== Segment start ==

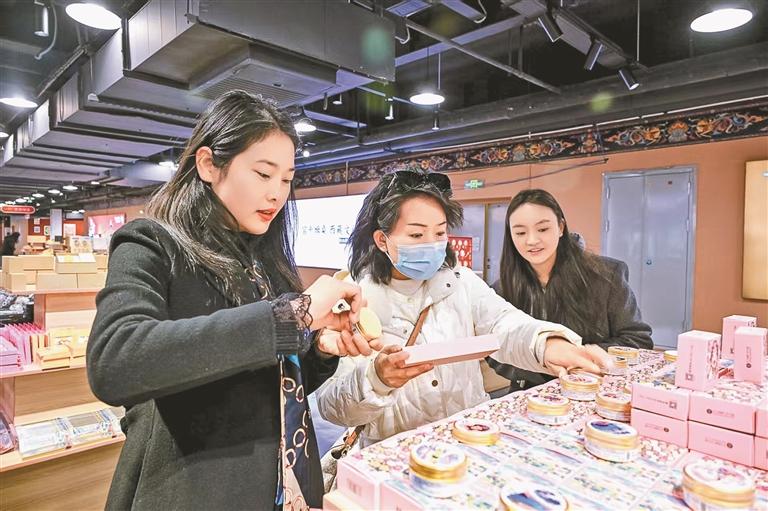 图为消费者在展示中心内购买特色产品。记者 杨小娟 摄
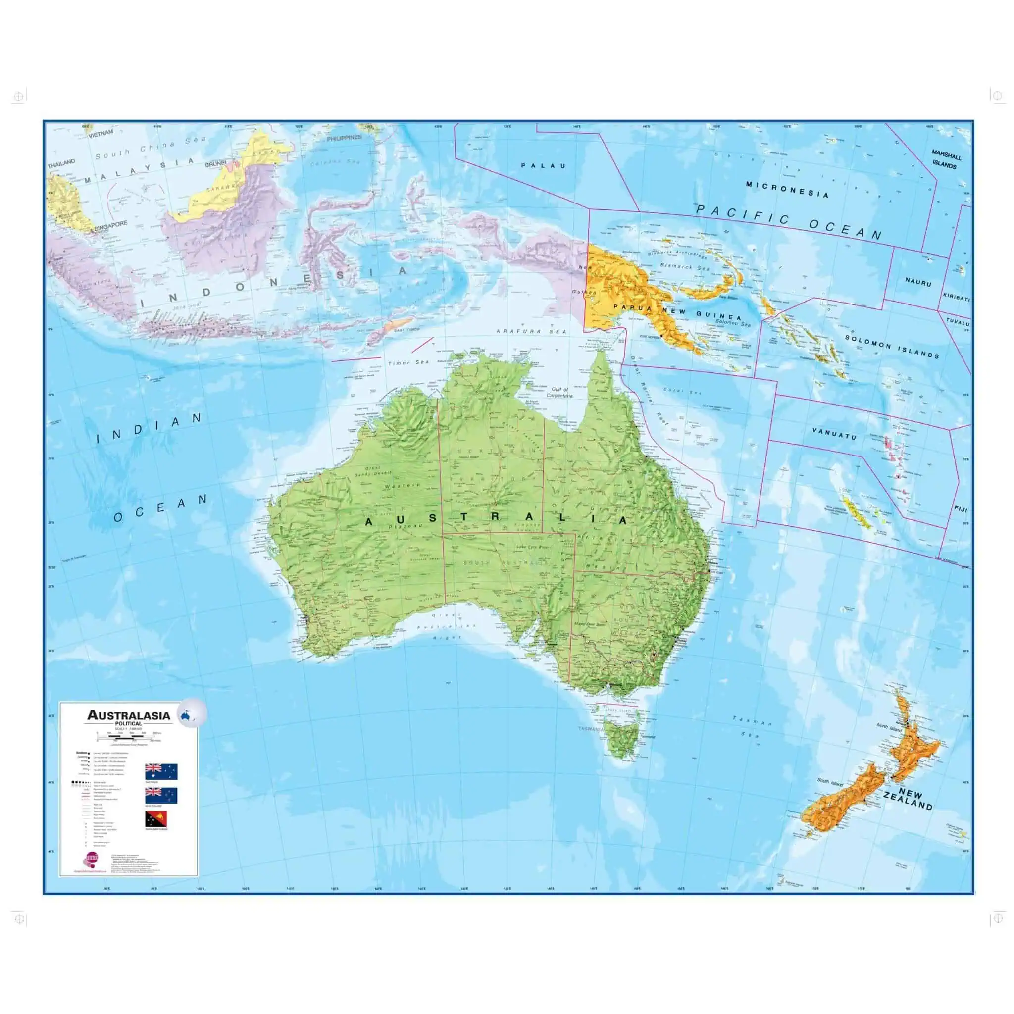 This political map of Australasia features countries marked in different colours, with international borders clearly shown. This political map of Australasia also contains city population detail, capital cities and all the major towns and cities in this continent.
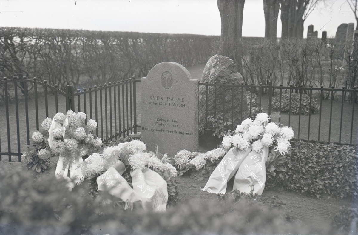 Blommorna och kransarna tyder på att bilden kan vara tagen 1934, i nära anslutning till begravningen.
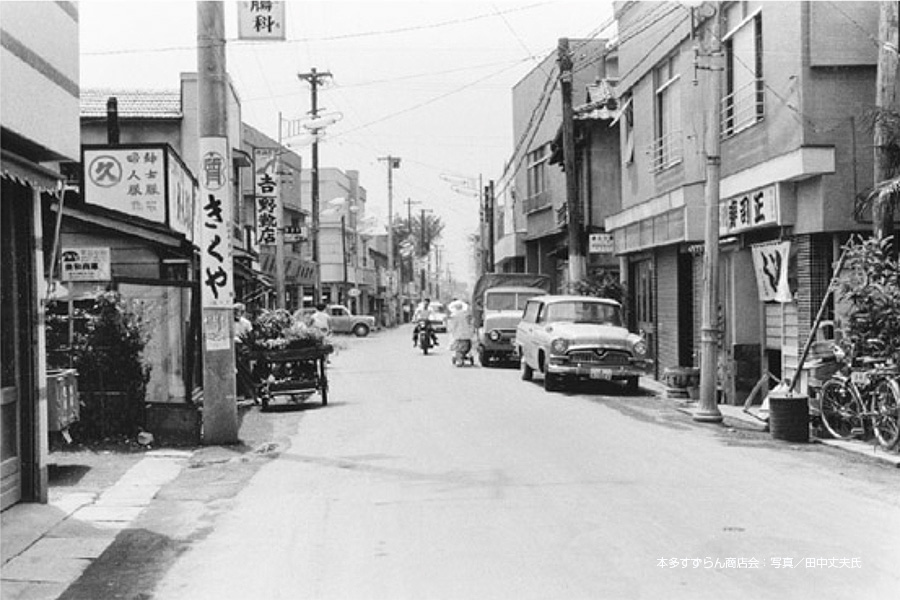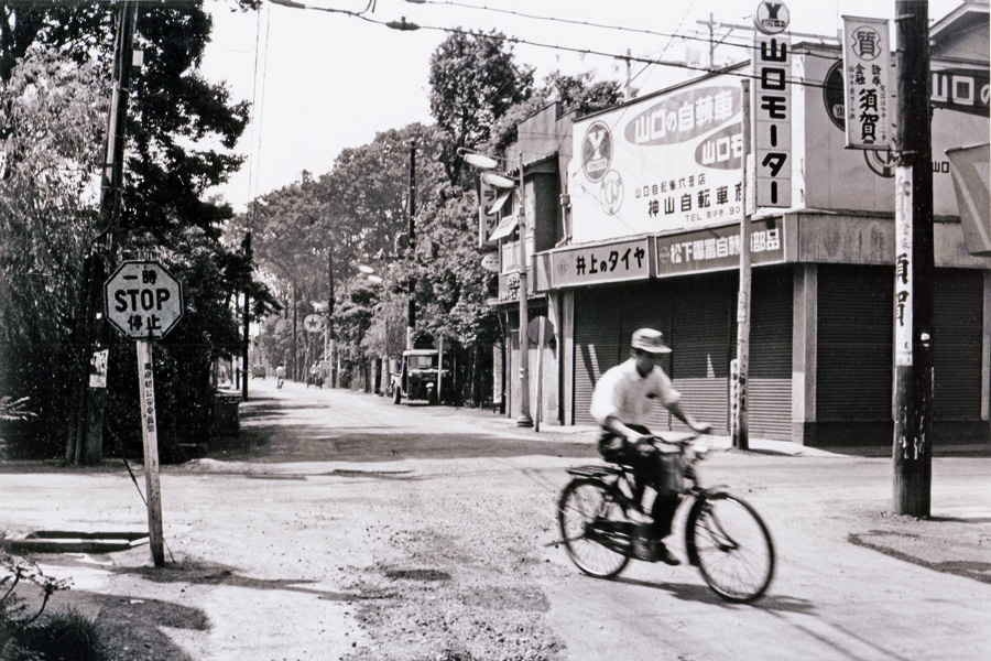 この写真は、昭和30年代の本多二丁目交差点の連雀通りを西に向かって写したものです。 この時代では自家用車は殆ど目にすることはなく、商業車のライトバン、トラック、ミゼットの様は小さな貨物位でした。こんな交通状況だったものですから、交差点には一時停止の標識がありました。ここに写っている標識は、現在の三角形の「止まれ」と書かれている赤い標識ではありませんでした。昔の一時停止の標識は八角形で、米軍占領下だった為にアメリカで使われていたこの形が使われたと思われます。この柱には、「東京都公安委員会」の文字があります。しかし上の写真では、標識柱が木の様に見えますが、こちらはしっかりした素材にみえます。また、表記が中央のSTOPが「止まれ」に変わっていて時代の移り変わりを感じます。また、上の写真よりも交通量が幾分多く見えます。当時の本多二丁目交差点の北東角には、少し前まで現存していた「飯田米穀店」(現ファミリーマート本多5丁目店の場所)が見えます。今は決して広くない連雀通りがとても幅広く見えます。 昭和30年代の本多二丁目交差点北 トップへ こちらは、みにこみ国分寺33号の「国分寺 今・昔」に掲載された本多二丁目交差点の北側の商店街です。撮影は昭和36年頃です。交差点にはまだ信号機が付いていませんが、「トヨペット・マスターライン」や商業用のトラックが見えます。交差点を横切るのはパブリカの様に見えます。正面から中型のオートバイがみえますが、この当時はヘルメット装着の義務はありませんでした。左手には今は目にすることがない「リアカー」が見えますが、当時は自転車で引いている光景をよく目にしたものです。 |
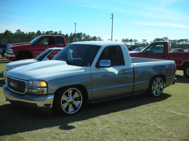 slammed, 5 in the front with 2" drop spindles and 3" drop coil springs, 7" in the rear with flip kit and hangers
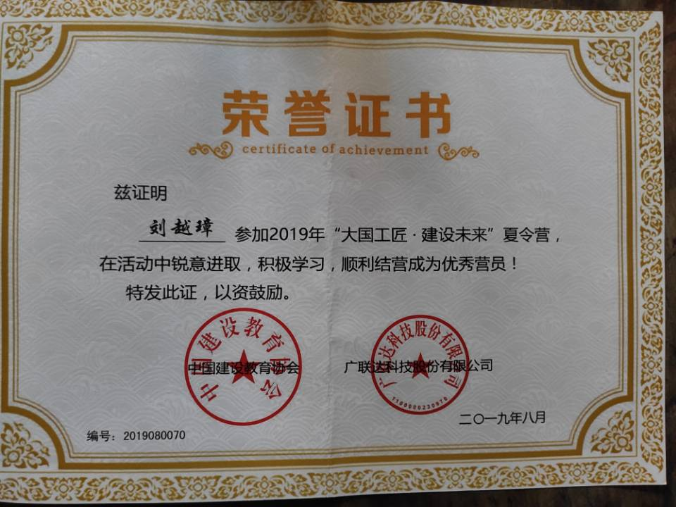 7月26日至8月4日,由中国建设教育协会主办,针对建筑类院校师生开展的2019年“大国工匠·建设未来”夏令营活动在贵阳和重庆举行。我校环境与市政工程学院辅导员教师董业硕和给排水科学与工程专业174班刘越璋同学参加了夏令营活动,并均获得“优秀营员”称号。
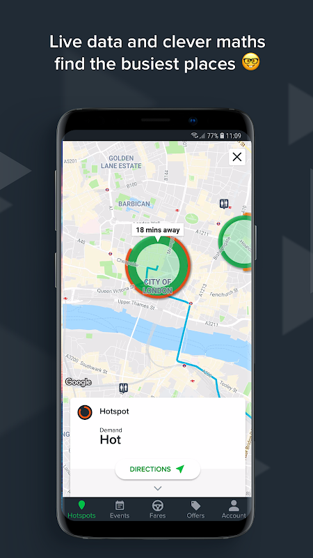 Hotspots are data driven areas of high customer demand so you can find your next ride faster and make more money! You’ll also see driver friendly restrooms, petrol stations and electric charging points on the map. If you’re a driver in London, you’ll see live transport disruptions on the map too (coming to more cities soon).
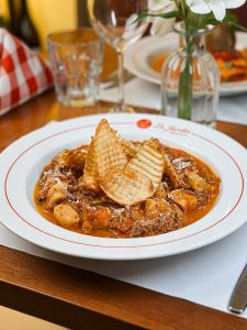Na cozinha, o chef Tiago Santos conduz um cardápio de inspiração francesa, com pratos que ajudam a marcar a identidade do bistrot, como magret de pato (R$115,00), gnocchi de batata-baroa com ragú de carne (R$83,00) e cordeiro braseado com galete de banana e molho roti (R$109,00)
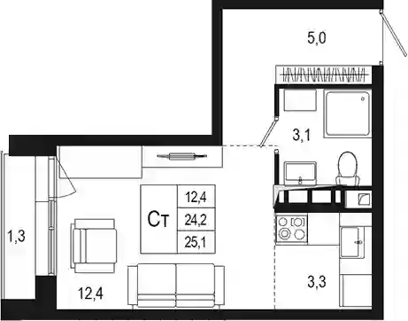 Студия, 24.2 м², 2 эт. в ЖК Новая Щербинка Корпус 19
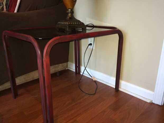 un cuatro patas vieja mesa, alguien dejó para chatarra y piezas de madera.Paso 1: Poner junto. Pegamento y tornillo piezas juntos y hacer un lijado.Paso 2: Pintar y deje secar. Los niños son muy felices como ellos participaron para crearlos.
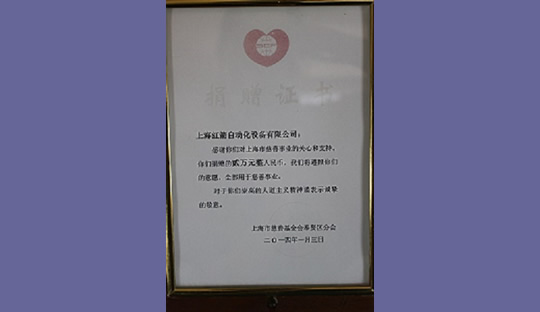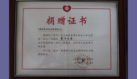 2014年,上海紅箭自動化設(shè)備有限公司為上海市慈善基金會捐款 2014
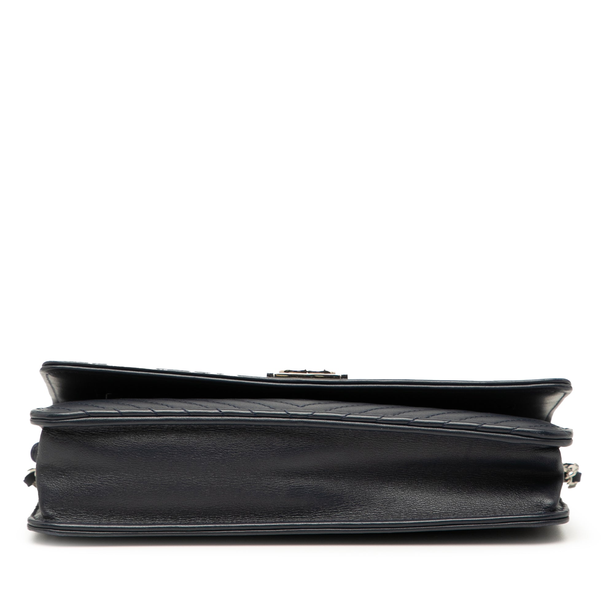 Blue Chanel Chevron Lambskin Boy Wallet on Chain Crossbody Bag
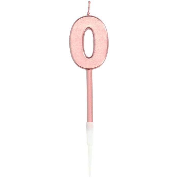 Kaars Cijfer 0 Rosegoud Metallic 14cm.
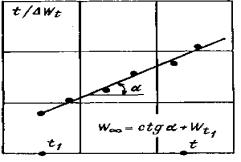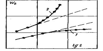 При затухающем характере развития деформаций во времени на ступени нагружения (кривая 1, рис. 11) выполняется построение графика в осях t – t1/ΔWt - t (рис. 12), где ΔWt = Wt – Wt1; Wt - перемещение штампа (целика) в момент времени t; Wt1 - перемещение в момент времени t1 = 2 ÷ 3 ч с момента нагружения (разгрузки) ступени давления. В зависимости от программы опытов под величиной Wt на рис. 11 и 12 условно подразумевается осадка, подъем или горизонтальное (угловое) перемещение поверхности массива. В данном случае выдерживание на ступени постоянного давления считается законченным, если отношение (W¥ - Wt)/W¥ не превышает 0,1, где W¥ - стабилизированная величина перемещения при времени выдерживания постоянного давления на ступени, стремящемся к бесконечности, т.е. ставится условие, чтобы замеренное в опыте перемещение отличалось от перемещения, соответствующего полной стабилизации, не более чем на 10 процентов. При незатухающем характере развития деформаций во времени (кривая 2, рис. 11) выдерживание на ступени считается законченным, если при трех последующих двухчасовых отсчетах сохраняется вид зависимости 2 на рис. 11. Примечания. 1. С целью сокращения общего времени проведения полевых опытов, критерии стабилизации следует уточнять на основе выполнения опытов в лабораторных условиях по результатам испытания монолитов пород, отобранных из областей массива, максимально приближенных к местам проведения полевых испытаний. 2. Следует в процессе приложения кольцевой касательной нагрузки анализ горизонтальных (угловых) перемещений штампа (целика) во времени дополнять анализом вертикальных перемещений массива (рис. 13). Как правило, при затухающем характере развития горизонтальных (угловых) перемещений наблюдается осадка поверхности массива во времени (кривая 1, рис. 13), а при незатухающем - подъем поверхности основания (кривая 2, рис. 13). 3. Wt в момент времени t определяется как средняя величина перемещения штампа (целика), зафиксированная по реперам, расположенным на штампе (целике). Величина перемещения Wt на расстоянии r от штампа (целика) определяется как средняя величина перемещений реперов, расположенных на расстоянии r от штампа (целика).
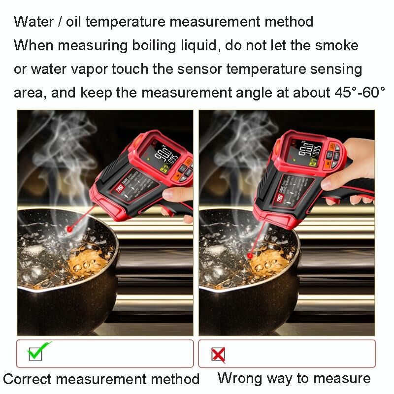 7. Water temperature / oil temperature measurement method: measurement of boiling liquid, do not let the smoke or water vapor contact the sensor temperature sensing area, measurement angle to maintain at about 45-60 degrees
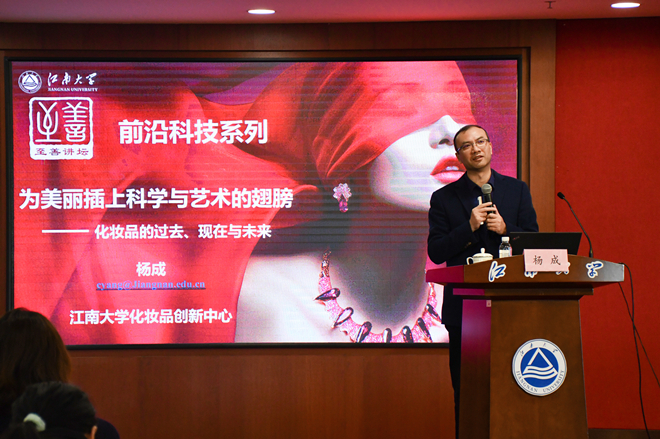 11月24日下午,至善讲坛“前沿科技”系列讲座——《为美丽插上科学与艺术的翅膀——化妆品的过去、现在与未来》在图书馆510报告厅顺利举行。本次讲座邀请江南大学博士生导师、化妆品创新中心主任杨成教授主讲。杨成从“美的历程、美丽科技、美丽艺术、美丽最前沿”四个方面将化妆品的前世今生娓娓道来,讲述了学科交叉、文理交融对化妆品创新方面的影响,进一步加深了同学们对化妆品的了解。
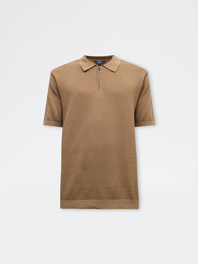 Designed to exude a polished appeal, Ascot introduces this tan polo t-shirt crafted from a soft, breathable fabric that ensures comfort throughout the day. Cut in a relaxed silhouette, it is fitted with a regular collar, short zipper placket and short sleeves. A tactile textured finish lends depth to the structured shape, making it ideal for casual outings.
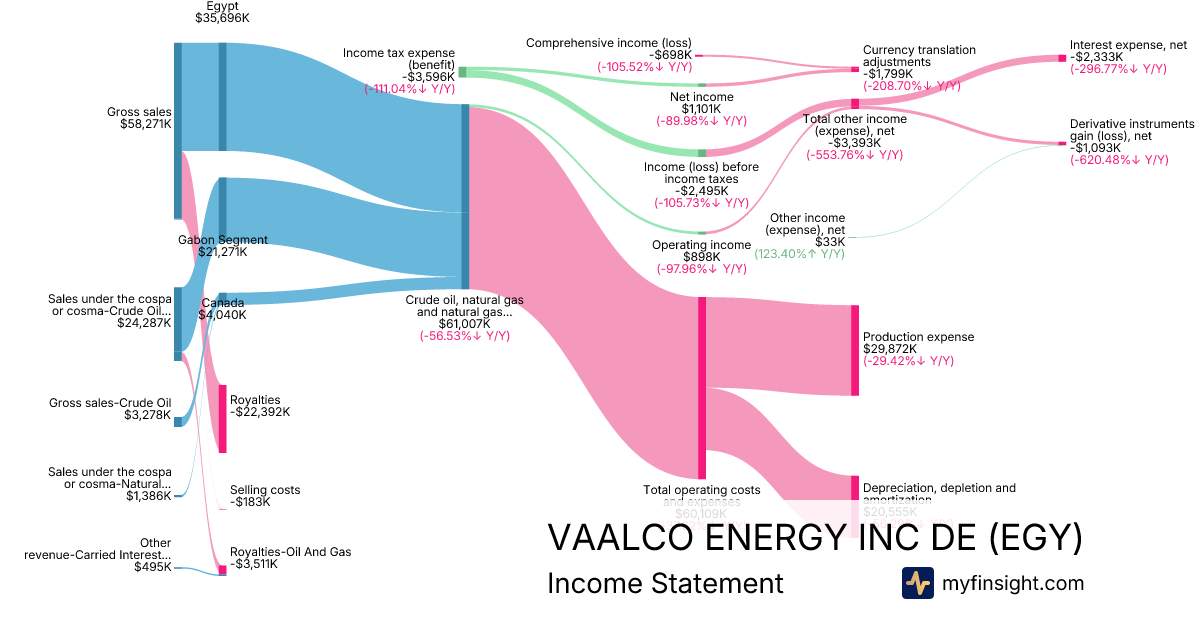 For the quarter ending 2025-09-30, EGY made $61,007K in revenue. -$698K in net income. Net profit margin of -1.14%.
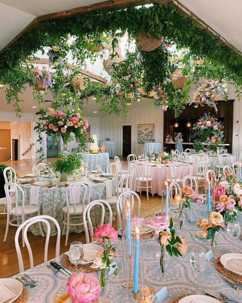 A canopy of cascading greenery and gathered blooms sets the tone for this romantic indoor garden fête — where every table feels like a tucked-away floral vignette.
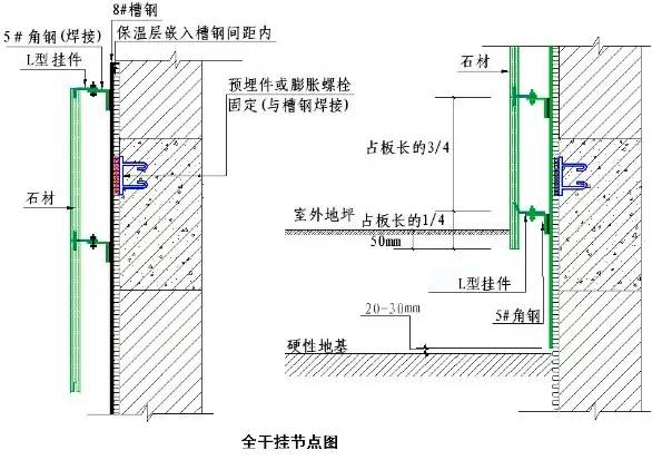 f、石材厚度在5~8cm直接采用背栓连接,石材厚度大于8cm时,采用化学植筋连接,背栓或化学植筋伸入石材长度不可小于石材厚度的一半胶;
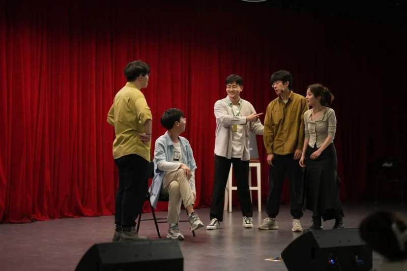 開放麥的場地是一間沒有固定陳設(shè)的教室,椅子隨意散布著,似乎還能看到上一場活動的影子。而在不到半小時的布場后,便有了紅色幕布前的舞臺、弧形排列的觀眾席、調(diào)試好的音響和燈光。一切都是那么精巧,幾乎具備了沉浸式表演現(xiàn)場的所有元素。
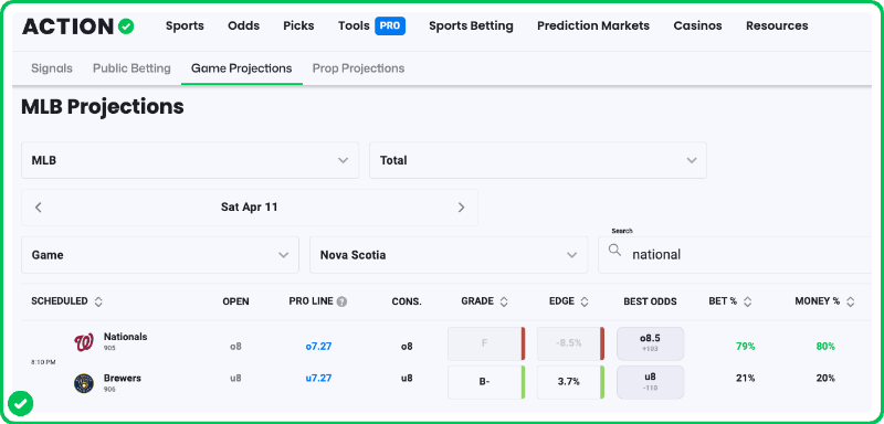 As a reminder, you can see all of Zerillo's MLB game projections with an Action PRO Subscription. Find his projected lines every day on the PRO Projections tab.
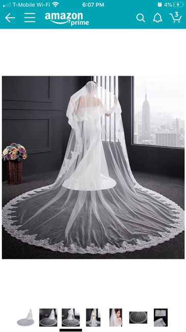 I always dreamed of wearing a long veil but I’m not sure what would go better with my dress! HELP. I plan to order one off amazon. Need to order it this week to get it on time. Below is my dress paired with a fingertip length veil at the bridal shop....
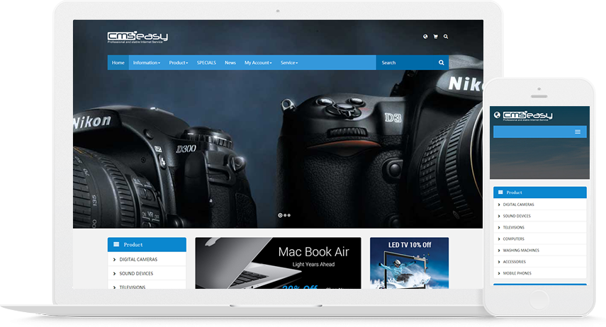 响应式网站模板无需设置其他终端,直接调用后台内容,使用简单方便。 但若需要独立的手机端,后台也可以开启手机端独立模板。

== Segment end ==

* Aim of the task
In the listing above, find the line containing "Blommorna och kransarna". Output it and every line after it up to and including the line containing "Kaars Cijfer 0 Rosegoud Metallic 14cm.", exactly, but skip the pictures.

* Written solution
 Blommorna och kransarna tyder på att bilden kan vara tagen 1934, i nära anslutning till begravningen.
 この写真は、昭和30年代の本多二丁目交差点の連雀通りを西に向かって写したものです。 この時代では自家用車は殆ど目にすることはなく、商業車のライトバン、トラック、ミゼットの様は小さな貨物位でした。こんな交通状況だったものですから、交差点には一時停止の標識がありました。ここに写っている標識は、現在の三角形の「止まれ」と書かれている赤い標識ではありませんでした。昔の一時停止の標識は八角形で、米軍占領下だった為にアメリカで使われていたこの形が使われたと思われます。この柱には、「東京都公安委員会」の文字があります。しかし上の写真では、標識柱が木の様に見えますが、こちらはしっかりした素材にみえます。また、表記が中央のSTOPが「止まれ」に変わっていて時代の移り変わりを感じます。また、上の写真よりも交通量が幾分多く見えます。当時の本多二丁目交差点の北東角には、少し前まで現存していた「飯田米穀店」(現ファミリーマート本多5丁目店の場所)が見えます。今は決して広くない連雀通りがとても幅広く見えます。 昭和30年代の本多二丁目交差点北 トップへ こちらは、みにこみ国分寺33号の「国分寺 今・昔」に掲載された本多二丁目交差点の北側の商店街です。撮影は昭和36年頃です。交差点にはまだ信号機が付いていませんが、「トヨペット・マスターライン」や商業用のトラックが見えます。交差点を横切るのはパブリカの様に見えます。正面から中型のオートバイがみえますが、この当時はヘルメット装着の義務はありませんでした。左手には今は目にすることがない「リアカー」が見えますが、当時は自転車で引いている光景をよく目にしたものです。 |
 slammed, 5 in the front with 2" drop spindles and 3" drop coil springs, 7" in the rear with flip kit and hangers
 7月26日至8月4日,由中国建设教育协会主办,针对建筑类院校师生开展的2019年“大国工匠·建设未来”夏令营活动在贵阳和重庆举行。我校环境与市政工程学院辅导员教师董业硕和给排水科学与工程专业174班刘越璋同学参加了夏令营活动,并均获得“优秀营员”称号。
 Hotspots are data driven areas of high customer demand so you can find your next ride faster and make more money! You’ll also see driver friendly restrooms, petrol stations and electric charging points on the map. If you’re a driver in London, you’ll see live transport disruptions on the map too (coming to more cities soon).
Na cozinha, o chef Tiago Santos conduz um cardápio de inspiração francesa, com pratos que ajudam a marcar a identidade do bistrot, como magret de pato (R$115,00), gnocchi de batata-baroa com ragú de carne (R$83,00) e cordeiro braseado com galete de banana e molho roti (R$109,00)
 Студия, 24.2 м², 2 эт. в ЖК Новая Щербинка Корпус 19
 un cuatro patas vieja mesa, alguien dejó para chatarra y piezas de madera.Paso 1: Poner junto. Pegamento y tornillo piezas juntos y hacer un lijado.Paso 2: Pintar y deje secar. Los niños son muy felices como ellos participaron para crearlos.
 2014年,上海紅箭自動化設(shè)備有限公司為上海市慈善基金會捐款 2014
 Blue Chanel Chevron Lambskin Boy Wallet on Chain Crossbody Bag
 Kaars Cijfer 0 Rosegoud Metallic 14cm.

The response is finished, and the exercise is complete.